HC Deb 03 July 1975 vol 894 cc1675-7

Mr. Hastings (by Private Notice) asked the Secretary of State for Employment whether he will ask the Advisory, Conciliation and Arbitration Service to intervene in the current dispute between the Sharman group of newspapers and the National Graphical Association.

The Minister of State, Department of Employment (Mr. Albert Booth)

The independent Advisory, Conciliation and Arbitration Service has been closely involved with this dispute for some time. It has held several meetings with the parties, both separately and together. It has not so far been able to assist them to a mutually acceptable solution but remains ready to do so. I understand, however, that a joint employer-union committee has now been set up at national level to attempt to find a solution to the dispute.

Mr. Hastings

Is the Minister aware that this union has instructed its membership throughout the United Kingdom not to handle the copy of any advertisers using the Sharman group of newspapers, and that since the NGA has a virtual monopoly of the typesetting function, this amounts to censorship of the announcements of any of these firms in the newspapers, even though they are not parties in any sense to the dispute in question? There are a number of them in my constituency. Does the Minister recognise that this latest form of trade union blackmail results directly from the Government's own Trade Union and Labour Relations Act 1974, by which they confer almost total indemnity in tort on strikers?
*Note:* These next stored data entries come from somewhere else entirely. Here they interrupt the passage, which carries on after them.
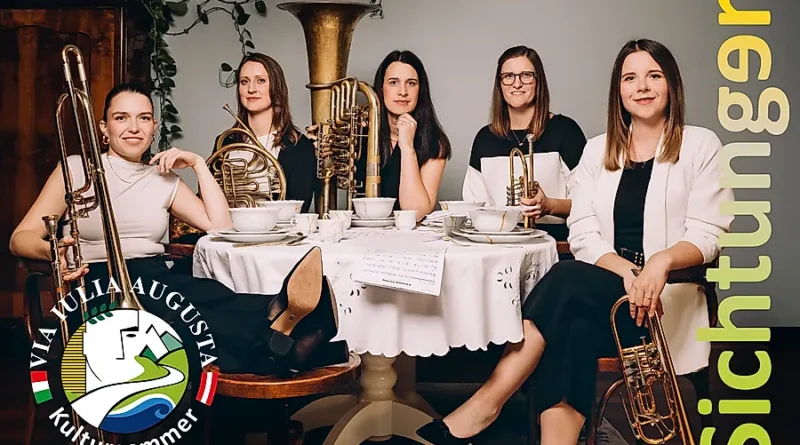 Auch dieses Jahr entfaltet sich der Via Iulia Augusta Kultursommer in den Oberkärntner Gemeinden Kötschach-Mauthen, Dellach im Gailtal und Oberdrauburg. Unter dem Motto „Sichtungen“ verbindet das Festival Musik, Landschaft und Geschichte. International bekannte Künstler sowie aufstrebende Talente zeigen ihr Können und bringen „Musik aus allen Richtungen“ an Orte entlang der alten Römerstraße. Das Programm 2025 umfasst bis Mitte September ein abwechslungsreiches Angebot: originelle Konzertformate, zwei spannende Dokumentarfilme, eine Musiktheaterproduktion für Kinder sowie eine Studienreise in die Europäische Kulturhauptstadt 2025 Nova Gorica/Gorizia. Als nächstes gastiert das österreichische Blechbläserinnen-Ensemble quinTTTonic am Donnerstag, dem 31. Juli um 19:00 Uhr,  mit seinem neuen Konzertprogramm „Zeitgenuss“ im Landeskrankenhaus Laas. Alle weiteren Termine und Orte sind zu finden unter https://www.via-iulia-augusta.at/.  Insgesamt umfasst der Kultursommer noch 9 Programmpunkte.
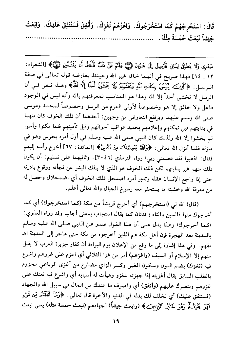 (قال) الله لي (استخرجهم) أي أخرج قريشًا من مكة (كما استخرجوك) أي كما أخرجوك منها فالسين والتاء زائدتان كما يقال استجاب بمعنى أجاب وقد رواه العذري: "كما أخرجوك" وهذا يدل على أن هذا القول صدر عن النبي صلى الله عليه وسلم بالمدينة بعد الهجرة فإن أهل مكة هم الذين أخرجوه من مكة حتى هاجر إلى المدينة اهـ مفهم. وفي هذا إشارة إلى ما وقع من الإعلان يوم البراءة أن كفار جزيرة العرب لا يقبل منهم إلا الإسلام أو السيف (واغزهم) أمر من غزا الثلاثي أي اعزم على غزوهم واشرع فيه (نغزك) بضم النون وسكون الجن وكسر الزاي مضارع من أغزى الرباعي مجزوم بالطلب السابق يقال أغزيته إذا جهزته للغزو وهيأت له أسبابه أي واشرع فيه نعنك على غزوهم وننصرك عليهم (وأنفق) أي واصرف ما عندك من المال في سبيل الله والجهاد (فسننفق عليك) أي نخلف لك بدله في الدنيا والآخرة قال تعالى: {وَمَا أَنْفَقْتُمْ مِنْ شَيءٍ فَهُوَ يُخْلِفُهُ وَهُوَ خَيرُ الرَّازِقِينَ} (وابعث جيشًا) لجهادهم (نبعث خمسة مثله) يعني نبعث
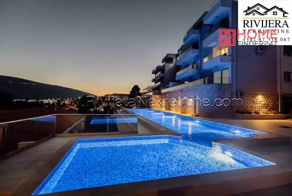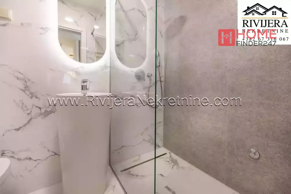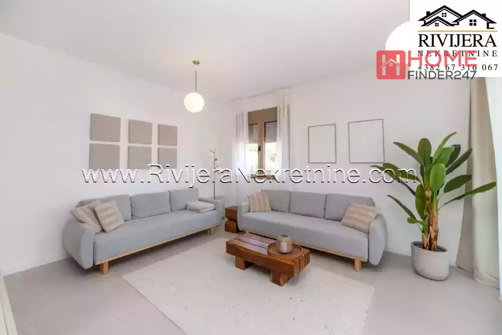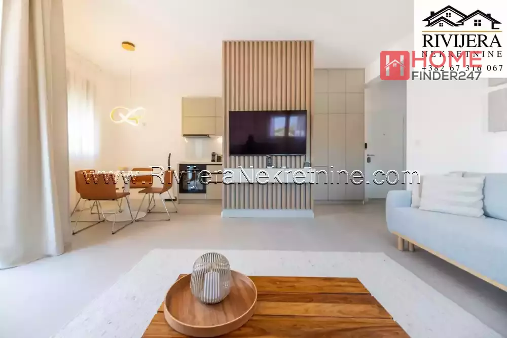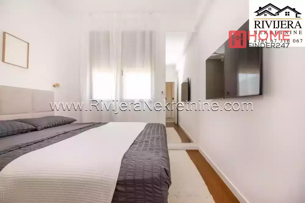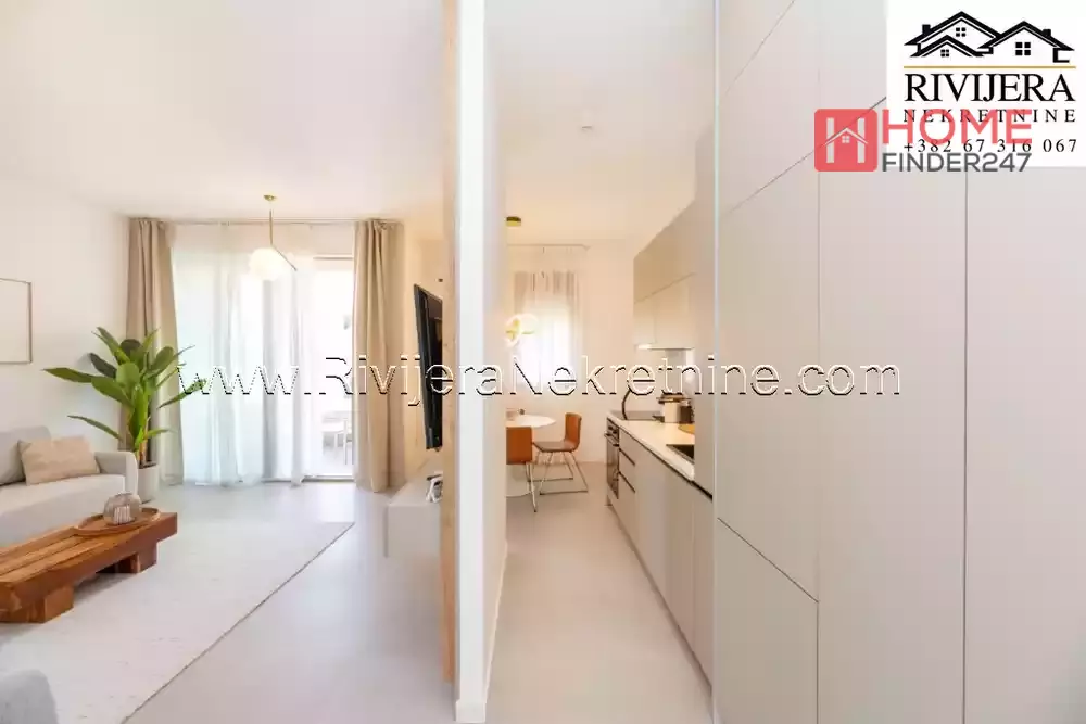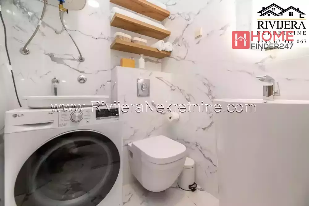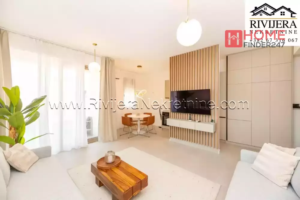 Luxuswohnung in Herceg Novi zum Verkauf. Die Wohnung hat eine Fläche von 51 m2. Das Layout umfasst ein Wohnzimmer mit Küche und Essbereich, ein Schlafzimmer, ein Badezimmer und eine Terrasse. Nur 100 m vom Meer entfernt. Preis: 220.000 Euro.

How can he justify such action being within the law in what is still supposed to be a free society, and what precisely does he intend to do about it?

Mr. Booth

I have seen reports that the union has instructed its members, working for other papers, to block advertisements of companies continuing to advertise in papers produced by the company. Any obstacle in the way of dissemination of information is to be regretted. How- ever, I think that the bandying of words in this Chamber such as "blackmail" and "censorship", when what we are talking about is secondary action in pursuance of an industrial dispute, does not assist at a stage when ACAS is seeking, together with the union and the employers' society involved, to bring about a solution to this dispute.

Mr. Ward

My hon. Friend will be aware that some weeks ago members of the ACAS staff undertook negotiations with both the employers' and the employees' side of this dispute at my request. Indeed, if the hon. Member for Mid-Bedfordshire (Mr. Hastings) had contacted me, as the Member for the constituency containing Sharman and Co. Ltd., I should have been delighted to give him the information that I had concerning the dispute. However, may I ask the Minister whether there are any meetings actually in hand between the two parties in the Peterborough works, and when he expects to get a report of developments?

Mr. Booth

I am grateful to my hon. Friend the Member for Peterborough (Mr. Ward) for the action he took in contacting ACAS when the matter was first brought to his notice and for the attempt which he made with me on the matter. My understanding is that the meetings which are taking place are at the level of the Newspaper Society and the National Graphical Association. I understand that these are continuing.

Sir David Renton

Is the hon. Gentleman aware that, in spite of the sincere attempts of the hon. Member for Peterborough (Mr. Ward), this dispute has escalated and worsened in recent weeks? Is he aware that it started as a dispute between a small family firm and a minority of its employees—the firm wishing to introduce modern machinery and the employees having been consulted and promised that there would be no redundancies—and that it has now become something with which the NGA has concerned itself at national level, and upon which it is extending its national influence? Will he ensure that the conciliators of his Department bring this matter to a conclusion before it escalates further and before we have a national strike upon our hands?

Mr. Booth

The members of the National Graphical Association may well be a minority of the total number of employees of the firm. Nevertheless, I think that those engaged in this operation are all members of the NGA. On my understanding of the situation, it is perfectly true to say that the NGA is exercising its influence well beyond the confines of this firm in attempting to prosecute its dispute. For that reason, I am anxious that the conciliators of the ACAS should do everything in their power to bring the dispute to a conclusion. Nevertheless, I think that the setting in which the discussions are now taking place is the best possible one. It recognises that there is a wider interest both on the part of the employers, through the Newspaper Society, and on the part of the employees in the firm, through the NGA.

Several Hon. Members rose

Mr. Speaker

Mrs. Thatcher. Business Question.

Mr. Prior

On a point of order, Mr. Speaker. Is it not customary, when a statement of this kind is made, for an Opposition Front Bench spokesman to have an opportunity to ask a supplementary question?

Mr. Speaker

The Chair is put in difficulty in allowing Private Notice Questions if, every time, it takes 15 minutes, because the result will be that the Chair will not allow them. I must occasionally be allowed to give a Private Notice Question about the same amount of time as an ordinary Question. That I have done today.